Here is a real world example. It is quite bit different than book numbers.
Wright-Hennepin Electric put up a Jacobs Wind Energy Systems 31-20 wind turbine which is on a 120′ tower and has 31′ diameter blades.
This HAWT has produced 5981kWh year to date as of today which works out to 18kWh per day this year.
The average wind speed in Rockford MN is around 5.3m/s.
So according to the book calculation with a cP of 25% this unit should put out 38kWh per day.
HWP = 0.5 x 1.23 x SA x WV^3 x 0.25
(HWP) Harvestable Wind Power (w/hr) = 0.5 x AD (air density kg/cu m) x SA (sweep area m^2) x WV^3 (wind velocity m/s) x cP (coefficient of performance Betz limit 59.26%, R^1 or Copper loss, linear power curve to cubic curve matching — 0.25 for most systems)
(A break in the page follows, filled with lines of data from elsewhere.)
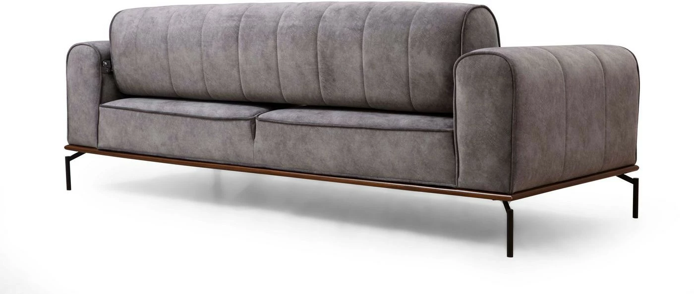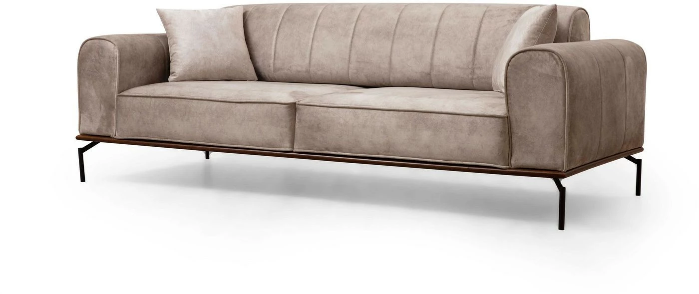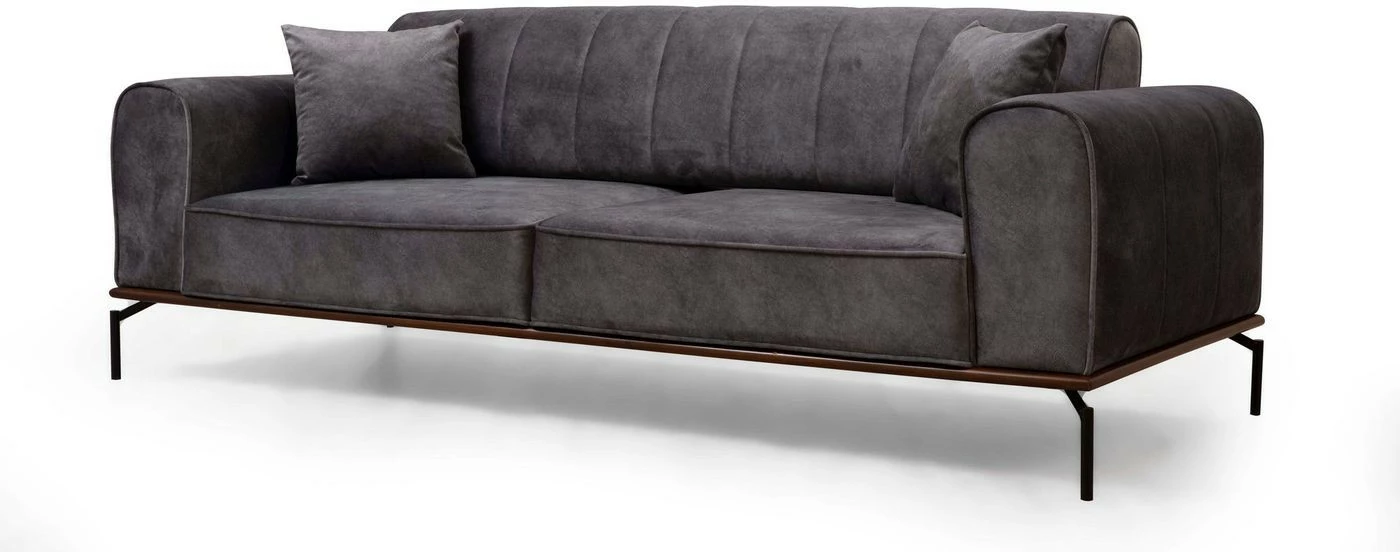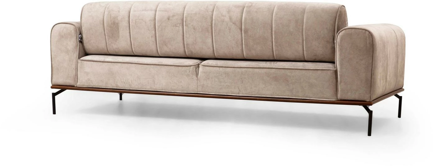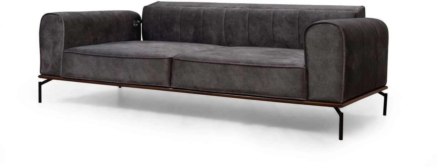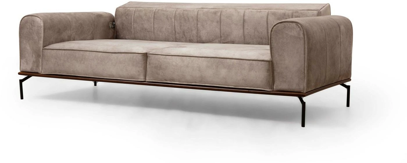 Kangasverhoiltu Siesta Plain -sohva on mitoitettu kolmelle istujalle. Selkänojassa on säätömekanismi. Mattamustat jalat ovat metallia.
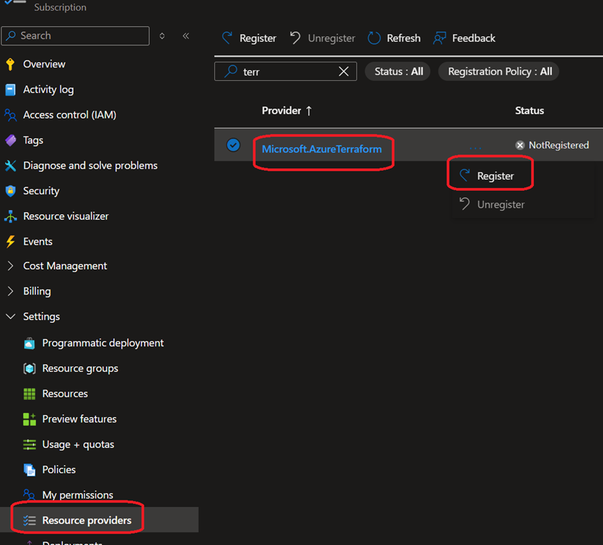 - Azure portal: from the Resource providers blade of the subscription, search for Microsoft.AzureTerraform
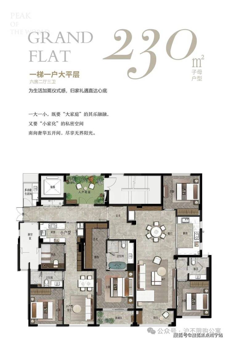 230㎡ 子母户型 三房二厅二卫/一房一厅一卫
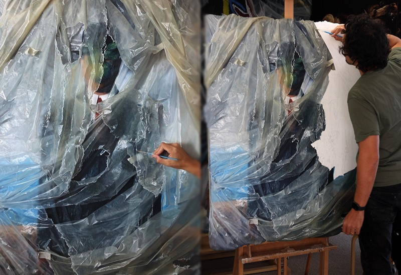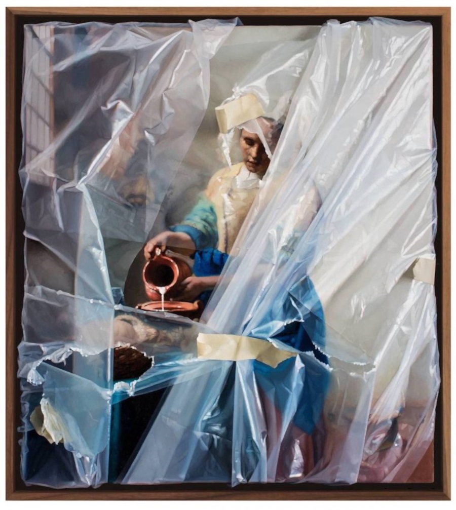 2001년 미국 캘리포니아의 'Westmont College'에서 미술 학사 학위를 취득한 'Robin Eley'는 사진보다 더 사진같은 그림을 그리는 '극사실주의(Hyper-Realism)' 화가로 많은 이들에게 화제가 되고 있는 아티스티입니다. 그가 그리는 극사실주의 작품들은 놀랍게도 명화를 감싸고 있는 비닐을 포함한 작품들이죠. 'Robin Eley'는 그림 위에 찢어딘 비닐이 있는 것처럼 정교하게 그림을 묘사하면서 사람들로 하여금 정말 비닐이 있는듯한 시각적인 착시 효과를 만들어내고 있습니다.
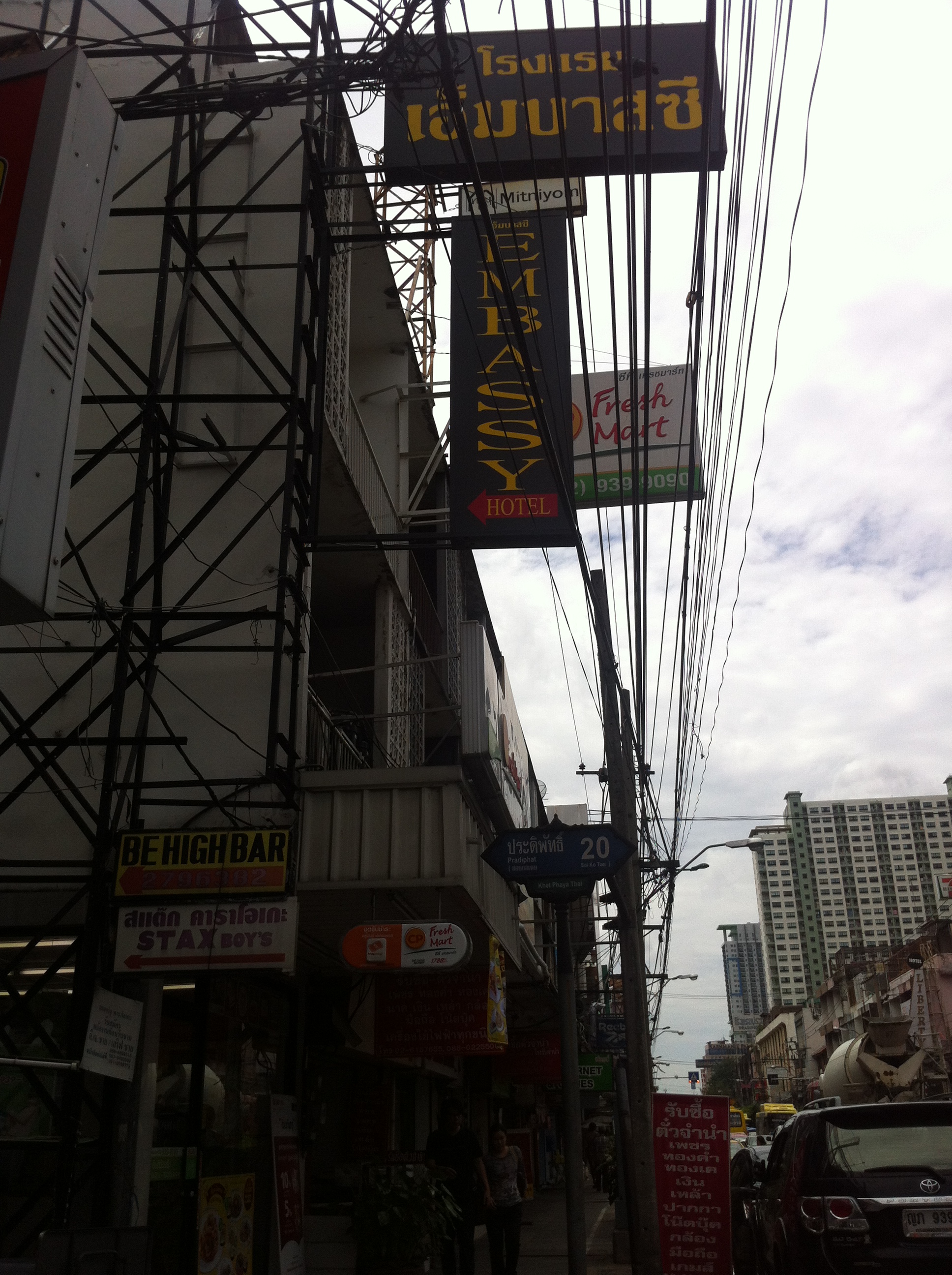 I woke up again around 10am (Thailand time) and decided I should start the day. I showered and threw on a dress. I did not know if Pi Loong was going to walk back to the hotel or if I was going to need to call her so I left her a note to tell her I had just left for a quick walk. I think it took me 5 mins of humming and hawings as to whether or not I should wear a scarf. (I laugh at this now! But while I was standing in my air conditioned room I really was finding it hard to decide if I needed it or not). AS SOON AS I OPENED the hotel door I smiled as to having made the decision to leave the scarf at home! IT WAS HOT. DRY hot heat. I left the house on a mission to find a sim card for my phone and a wireless internet hot spot. My iphone was easily locating the wireless spots but not being too friendly about connecting to them. I got really frustrated at how fast my battery was dying struggling to connect to a wifi source. I successfully communicated to the 7 Eleven attendant that I needed a sim card for my phone. WHAT I lacked to understand was that I needed to buy a top up card as the sim card was simply a phone number. After sorting that out I still wasn’t able to get internet on my phone. I walked up the street for ages. I debated crossing the street but decided against it for my first day in Bangkok. Baby steps to this BIG ADVENTURE. I really did not want to be using my medical insurance on my first day!
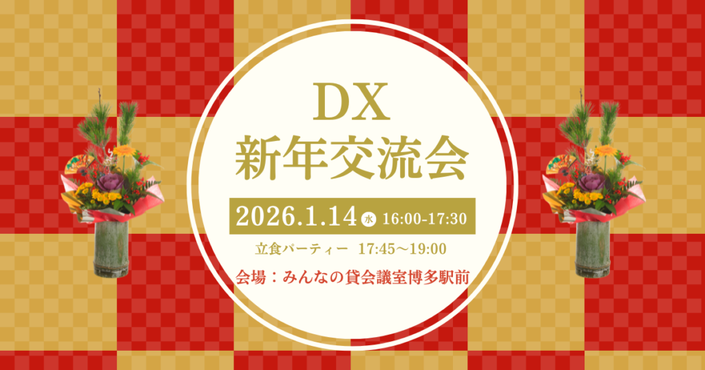 2026年初となる交流会は、新年会を兼ねて福岡DXコミュニティ会長と地域のソリューション企業のDXの推進者などにお話いただき、イベント後に立食パーティーを開催いたします!
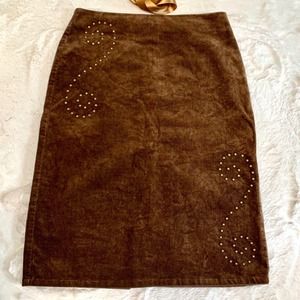 Hot Sauce Studded Corduroy Pencil Skirt Size Small. In excellent, pre-owned condition. A beautiful corduroy skirt in a deep brown color. Made of stretchy cotton and featuring antique gold studded embellishments on the front in a paisley print and a slit in the back.
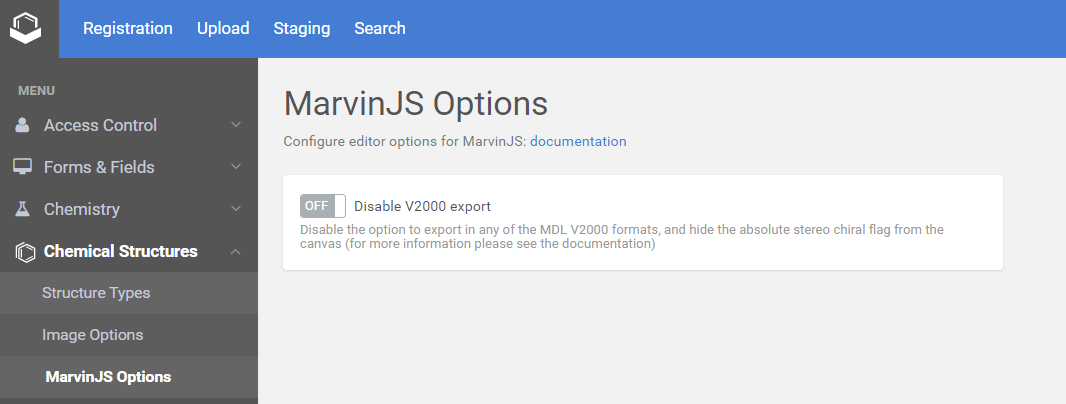 Since version 21.3.0 when using MarvinJS as the default sketcher an option to disable exporting to any of the MDL V2000 formats, and to prevent users from setting the absolute chiral flag was added. By default this option is turned OFF.
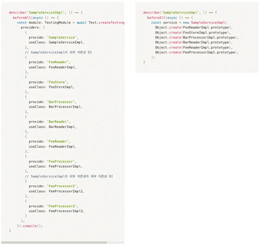 위 클래스의 테스트 코드를 작성하기 위해서는 Jest의 CreateTestingModule 을 활용하여 테스팅 모듈에 클래스 DI를 주입해줘야하는데, SampleServiceImpl 에 주입되는 외부 의존성을 모두 명시적으로 일일이 주입 해줘야만 했다.
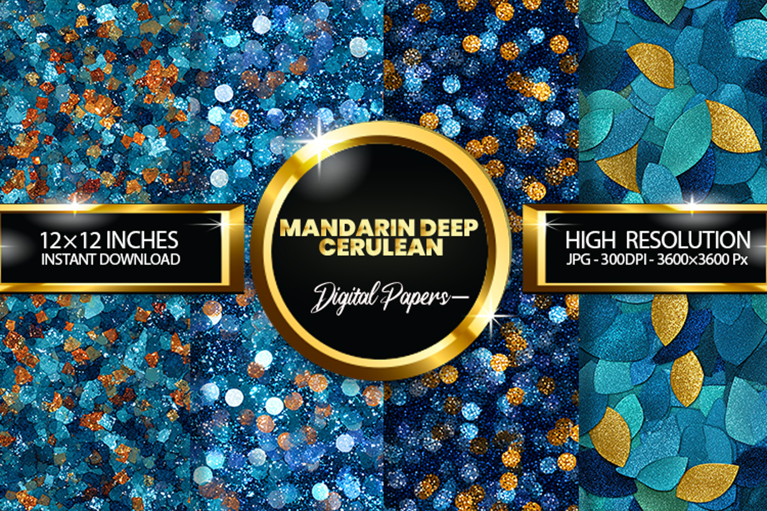 Mandarin Deep Cerulean Glitter Digital Papers - 04 Varitions
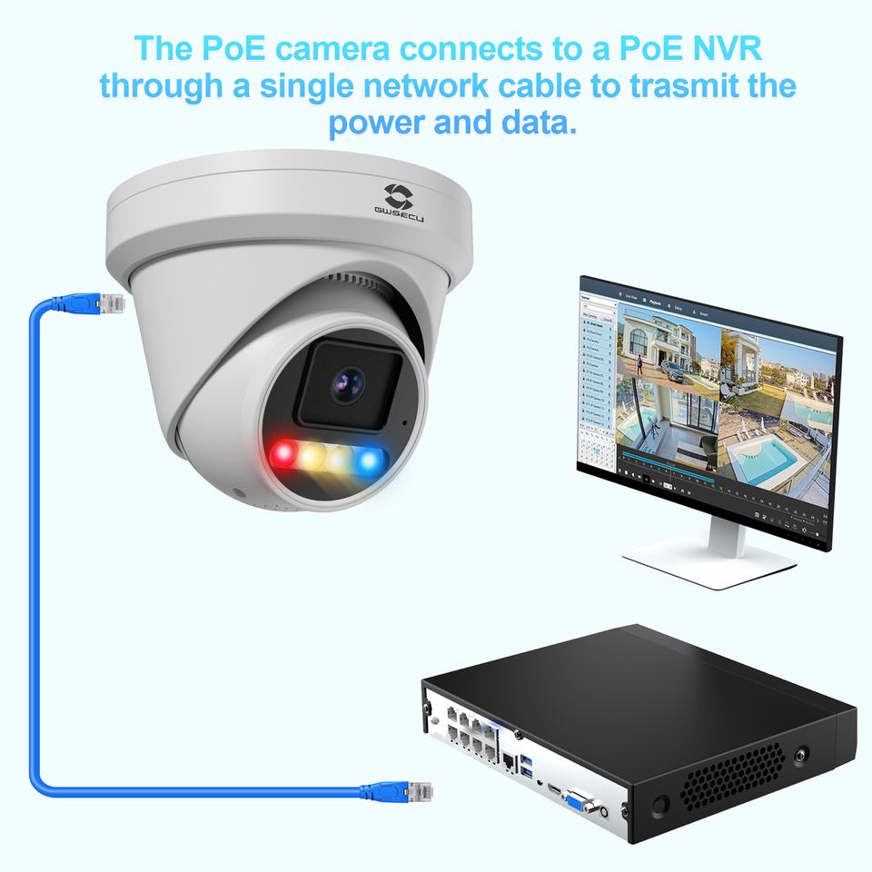 Caméra dôme IP PoE de sécurité extérieure GWSECU 8MP avec IA, dissuasion active, alarme, vision nocturne couleur, audio bidirectionnel, CMOS, pour la maison
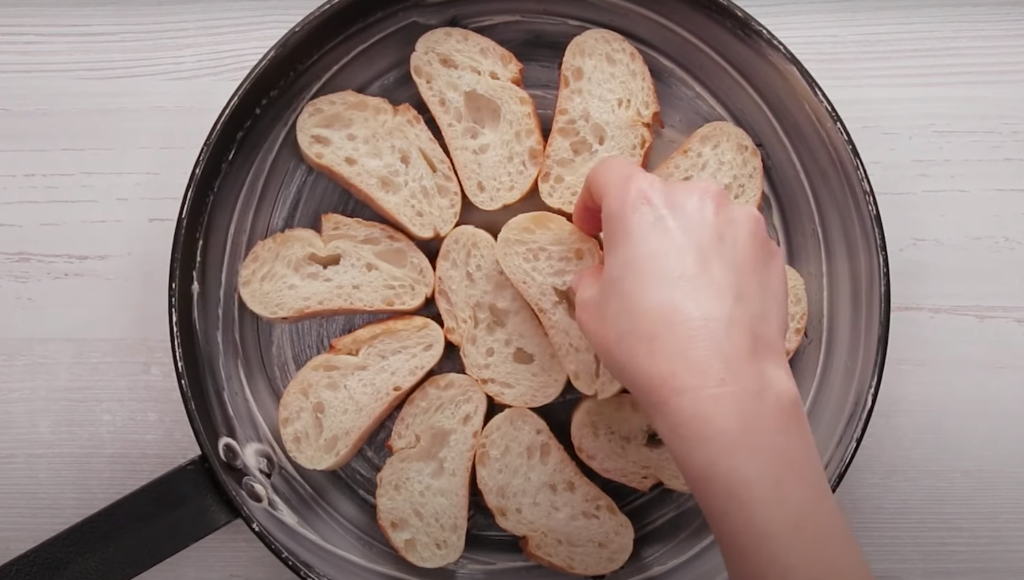 Najpierw pokrój bagietkę i ułóż kromki w posmarowanym masłem naczyniu do pieczenia.
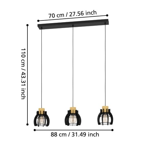 Lustră STILLINGTON 1 43925, E27, 3X40W, IP20, oțel, lemn, negru, maro

0.5 x 1.23 x 3.14 x 15.5 x 15.5 x 0.09260304 x 5.3 x 5.3 x 5.3 x 0.25 = 1599 Wh
1.599Wh x 24 = 38.4kWh per day.
But according to the meter the year to date out put is 5981 kWh works out to 5981kWh / (365 days – 35 days) = 18kWh per day.
At a cost of $100,000 it would only take 15 years to pay back if there was no maintenance.
$100,000 / 18.5 x 365 x $0.40 = 14.89 years
And that is at the inflated rate of $0.40 per kWh that Ontario is willing to pay.